SpaceX has nearly
10,000 employees as it ramps up its Starlink rollout, court documents show
Court filings show
SpaceX has more than 9,500 employees on its payroll.
SpaceX, which Musk
founded in 2002, says it is the largest satellite operator in the world.
There are more
than 100 vacancies advertised on its website.
Elon Musk's
aerospace company SpaceX is nearing a 10,000-strong workforce as it ramps
up its Starlink rollout.
In a court filing
on February 26 as part of the company's battle with the Department of
Justice over alleged hiring discrimination, SpaceX said it "has over
9,500 employees on its payroll." It has more than 100 vacancies listed
on its website.
In the US alone,
SpaceX has staff at least 10 sites across five states.
SpaceX, which Musk
founded in 2002, is the operator of the world's largest commercial
satellite constellation. Data from a huge COVID-19 study the company took
part in suggests its workforce is young and overwhelmingly male.
Around 4,300
employees signed up to give monthly blood samples so they could be tested
for antibodies from April 2020 onwards. The study sample was 84.3% male
with a median age of 32 - although the age range spanned from 18 to 71.
SpaceX appears to
be a popular place to work overall. Part of the reason is due to the perks
employees are entitled to, from in-house massage therapists to private
talks by celebrities.
Yet, Musk's
employees still live in fear of his ever-changing moods, according to
Vanity Fair's Nick Bilton. Staff told the publication they felt nervous
about Musk's Twitter habit and closely watched his mood so they could use
it to their advantage.
"On [SpaceX]
launch days, you have everyone at Tesla tuned in to see if the launch is
successful, not because we are vested in the rockets, but because it
directly impacts Elon's mood for the next few days," a Tesla executive
told Vanity Fair. "If there was a failure on a launch, there'd be hell
to pay; you didn't want to have a phone call set up with Elon
afterward."
It was recently
reported that in SpaceX's earliest days, rocket engineers were occasionally
left to starve due to food shipment failures, back when they were living on
a Pacific Island to prepare for a launch, leading them to mutiny.
"We were just
wild animals on the island, waiting for food," Ed Thomas, a SpaceX
technician at the time, told the senior space editor at Ars Technica, Eric
Berger.
In February,
SpaceX vice president Hans Koenigsmann, who was Musk's seventh hire at the
company, announced plans to retire. He told staff he'd be replaced by
William Gerstenmaier, a former NASA official who joined the space company a
year ago.
The company has
grown massively over the past 19 years. "In 2002, SpaceX basically
consisted of carpet and a mariachi band. That was it," Musk said.
The company had
160 employees in November 2005. Prior to February, the last time the
company publicly commented on the size of its workforce was in May 2020,
when Gwynne Shotwell, SpaceX's chief operating officer, said it had around
8,000 staff.
And as the company
grew, employees also grew as professionals, within it. "I worked with
Elon in 2002 when no one knew his name and SpaceX was just founded,"

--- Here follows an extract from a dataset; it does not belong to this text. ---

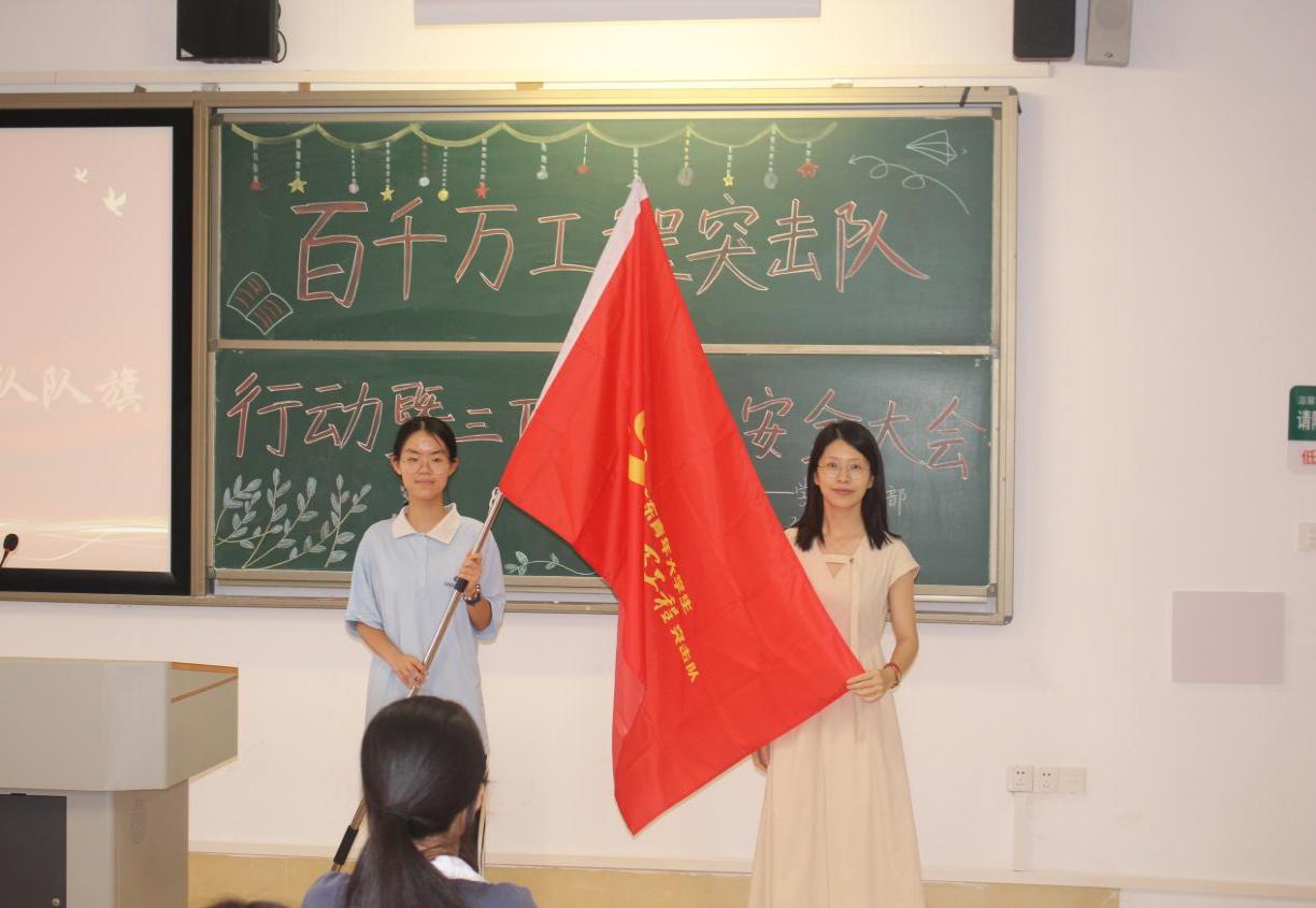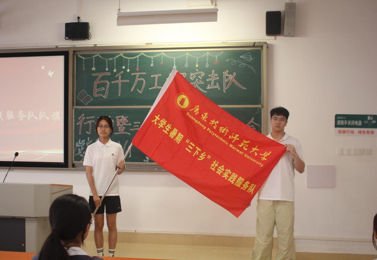 在大会尾声,郑灿玲与陈逸珺老师代表公司将“百千万工程”突击队和“三下乡” 社会实践服务队队旗授予队伍代表手中。随着两面旗帜的庄严交接,本次暑期社会实践活动正式宣告开启。这一授旗仪式,不仅是对各实践队伍前期筹备工作的高度肯定与有力鼓舞,更承载着公司对其实践征程的深切期许与美好祝愿,它象征着实践使命的传承与责任担当的托付。

said former employee, Teresa Tranakas. "Even though I stayed on for a
short period (almost two years), working alongside Elon during those
startup moments taught me valuable business lessons that I apply even to
this day.
Examples of wisdom
she learned from Musk include doing whatever it takes to build a sustainable
business and never accepting that something can't be done.
More than 10 years
later, SpaceX continues to find success after success, especially with the
company's recent valuation shooting to about $74 billion, CNBC reported.
Its exponential
growth has also meant that the company is looking to hire. With hundreds of
vacancies advertised on its site, it looks like Musk is looking to expand
his workforce by huge amounts.
Starlink is
SpaceX's broadband service that beams down internet from satellites
launched into orbit. Since its launch in October last year, it has
accumulated more than 10,000 users worldwide.
Musk also
apparently has ambitious plans to colonize Mars. In December, he told
Mathias Döpfner, the CEO of Insider's parent company, Axel Springer, that
he was selling all his possessions to fund a future colony on Mars.
The aerospace
company is currently at the center of a heated US Department of Justice
(DoJ) investigation into alleged hiring discrimination. In May 2020, a job
applicant filed a complaint alleging SpaceX chose not to hire him because
of his citizenship status. Officials have since expanded the case to look
at SpaceX's wider hiring practices.
But the company
has refused to comply with a subpoena asking for documentation related to
its hiring procedures, saying authorities have given only "the
flimsiest of justifications."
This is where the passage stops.